Twitch, one of the top live-streaming platforms active today, had a streamer suggest based on audience interaction figures that somewhere around 80% of the top 500 streamers were artificially inflating their viewcounts with bot viewers. Archive of our Own, a popular fanfiction website, is struggling to strike a balance between requiring an account, which reduces interaction, and allowing anonymous AI reviews, seeing as the current surge of AI reviews are often incredibly critical and negative (the exact logic to this is yet to be puzzled out). Spotify has been accused of using AI to generate muzak, as playlist filler, but bots are also accused of artificially boosting the ‘listens’ there, and X, BlueSky, Instagram, et cetera are rife with bots trying to sell things, trying to scam people, trying to boost interaction numbers, flaming, and more.
So, the bots are everywhere. The bots are getting better and better at pretending to be human with generative AI on their side, to the point that real people are effectively failing the Turing test even when they ‘know’ their conversation partner is a bot. The bots are counted as people by most view metrics on most view-powered sites.
Why are we doing this?
Each individual system is benefited by AI for their particular scheme. Advertisers hate bot viewers because those cost them views but are not potential sales, but the bot viewers boost the revenue of the streamers and Instagram influencers. Conversely, relatively unmoderated comment sections are perfect spots for bot commentors to leave links in the hopes someone will click it, something the streamers et al. hate! The real Spotify artists hate the bot music, as the bot music means Spotify doesn’t have to pay a real artist for streams, and Spotify hates the bot listeners because it makes them pay out anyway.
While each individual benefits, the overall result is worse for everyone.

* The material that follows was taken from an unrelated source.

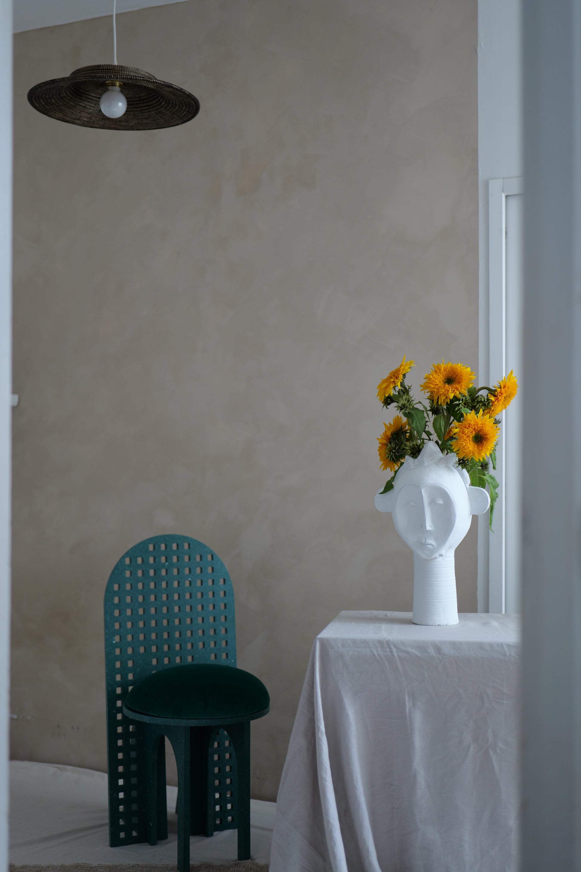 Ajoutez une touche d'élégance à votre intérieur avec ce vase en céramique imposant, orné d'un magnifique masque africain. Conçu par Violaine d'Atelier 22B à Paris et réalisé au Sénégal, ce vase de luxe fusionne design contemporain et art africain, tout en racontant une histoire artistique riche.

Small artists are not sure how many people are actually listening or watching their content, and how many of those will convert to sales, large platforms are disincentivized from paying based on views, with no really good alternatives, and would-be commentors are lost in a flood of spam messages.
Even in instances where the bot is not trying to trick others into believing they’re a person, the result is still worse for everyone than real interactions would be. Companion chatbots can earn a couple of bucks off people who are desperately lonely, and while they’re not trying to steal these people away from their loved ones, they’re so convincing that it’s almost impossible for someone in that state of mind to resist them. After all, the people who are well-adjusted enough not to need an AI companion may be the target audience, but they’re not the actual audience. The actual audience are frequently people struggling socially, who may or may not have a mental illness that the bot will exacerbate into a full-blown detachment from reality.
There’s friction to fixing these problems in every direction. While view bots are bad for big business, they’re tough to pin down and weed out. Where AI-generated muzak is annoying to human artists, there’s a monetary incentive to keep it on the platform. Unless everyone can agree it all has to leave, there will be no real answer to the problem.